* [TASK OBJECTIVE]: In the data below, find the line containing "秋田M'sは2026年1月7" and the line containing "غالباً ما تصنع", then reproduce them and every line between, exactly. Omit pictures.

* [SOURCE MATERIAL]:
=== Begin Enclosure ===
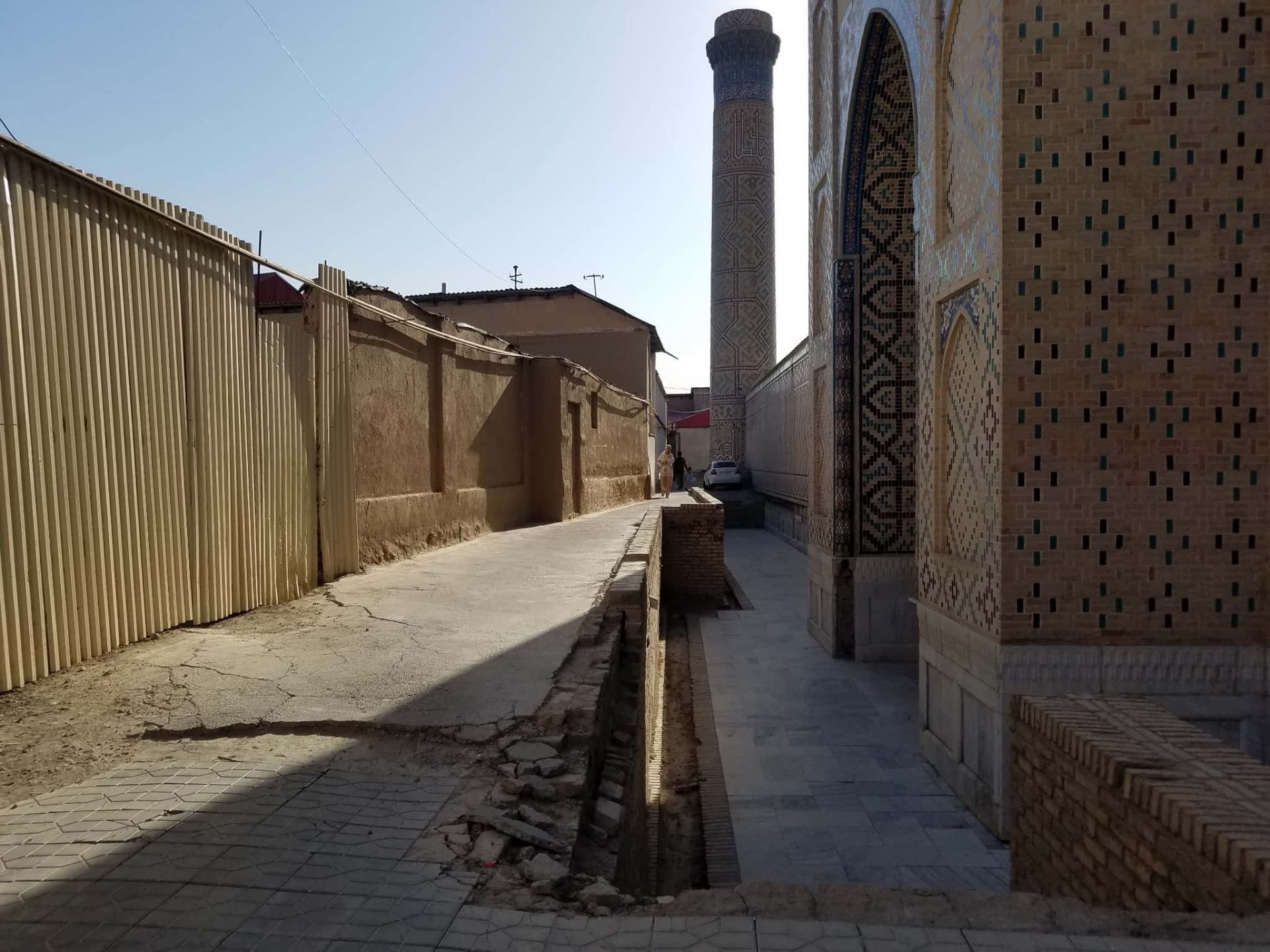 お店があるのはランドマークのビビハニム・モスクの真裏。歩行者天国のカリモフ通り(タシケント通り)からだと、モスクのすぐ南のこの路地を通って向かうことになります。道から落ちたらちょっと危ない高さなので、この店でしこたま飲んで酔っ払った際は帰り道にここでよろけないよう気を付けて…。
=== End Enclosure ===
=== Begin Enclosure ===
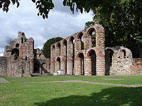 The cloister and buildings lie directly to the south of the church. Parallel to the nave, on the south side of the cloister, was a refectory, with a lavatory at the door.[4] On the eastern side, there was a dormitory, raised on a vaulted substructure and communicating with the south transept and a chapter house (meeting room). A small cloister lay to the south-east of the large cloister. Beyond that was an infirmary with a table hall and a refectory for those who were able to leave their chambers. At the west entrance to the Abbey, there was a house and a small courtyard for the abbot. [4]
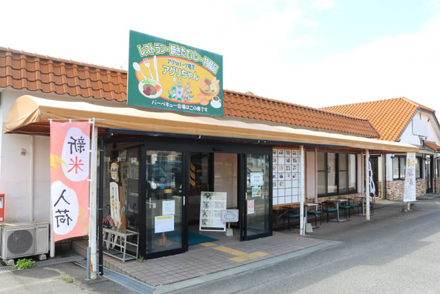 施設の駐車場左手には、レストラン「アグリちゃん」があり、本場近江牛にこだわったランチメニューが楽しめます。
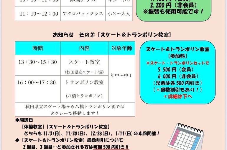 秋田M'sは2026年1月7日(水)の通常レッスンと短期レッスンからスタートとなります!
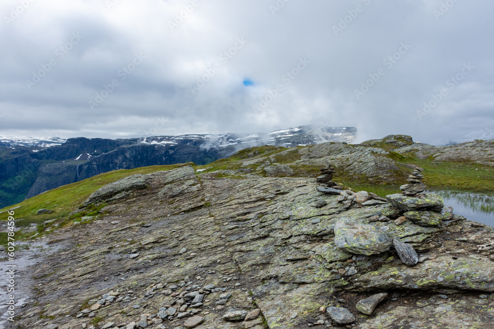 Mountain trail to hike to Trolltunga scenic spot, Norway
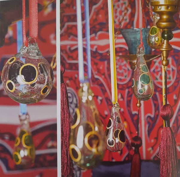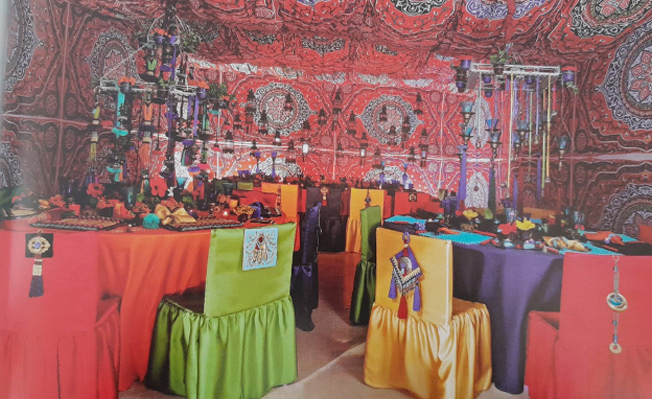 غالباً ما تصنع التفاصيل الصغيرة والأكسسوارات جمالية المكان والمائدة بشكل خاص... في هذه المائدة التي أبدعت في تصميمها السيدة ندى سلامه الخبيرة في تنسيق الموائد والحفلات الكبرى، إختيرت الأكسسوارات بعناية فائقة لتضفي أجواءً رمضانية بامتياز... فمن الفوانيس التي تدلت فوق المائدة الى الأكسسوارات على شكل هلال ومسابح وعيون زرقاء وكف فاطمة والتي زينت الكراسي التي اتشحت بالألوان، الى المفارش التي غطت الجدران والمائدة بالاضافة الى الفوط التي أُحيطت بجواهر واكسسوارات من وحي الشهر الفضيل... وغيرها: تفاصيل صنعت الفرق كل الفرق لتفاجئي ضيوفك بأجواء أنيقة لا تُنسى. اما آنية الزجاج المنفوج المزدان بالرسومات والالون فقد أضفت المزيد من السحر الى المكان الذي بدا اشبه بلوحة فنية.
=== End Enclosure ===
* [EXERCISE SOLUTION]:
 秋田M'sは2026年1月7日(水)の通常レッスンと短期レッスンからスタートとなります!
 Mountain trail to hike to Trolltunga scenic spot, Norway
 غالباً ما تصنع التفاصيل الصغيرة والأكسسوارات جمالية المكان والمائدة بشكل خاص... في هذه المائدة التي أبدعت في تصميمها السيدة ندى سلامه الخبيرة في تنسيق الموائد والحفلات الكبرى، إختيرت الأكسسوارات بعناية فائقة لتضفي أجواءً رمضانية بامتياز... فمن الفوانيس التي تدلت فوق المائدة الى الأكسسوارات على شكل هلال ومسابح وعيون زرقاء وكف فاطمة والتي زينت الكراسي التي اتشحت بالألوان، الى المفارش التي غطت الجدران والمائدة بالاضافة الى الفوط التي أُحيطت بجواهر واكسسوارات من وحي الشهر الفضيل... وغيرها: تفاصيل صنعت الفرق كل الفرق لتفاجئي ضيوفك بأجواء أنيقة لا تُنسى. اما آنية الزجاج المنفوج المزدان بالرسومات والالون فقد أضفت المزيد من السحر الى المكان الذي بدا اشبه بلوحة فنية.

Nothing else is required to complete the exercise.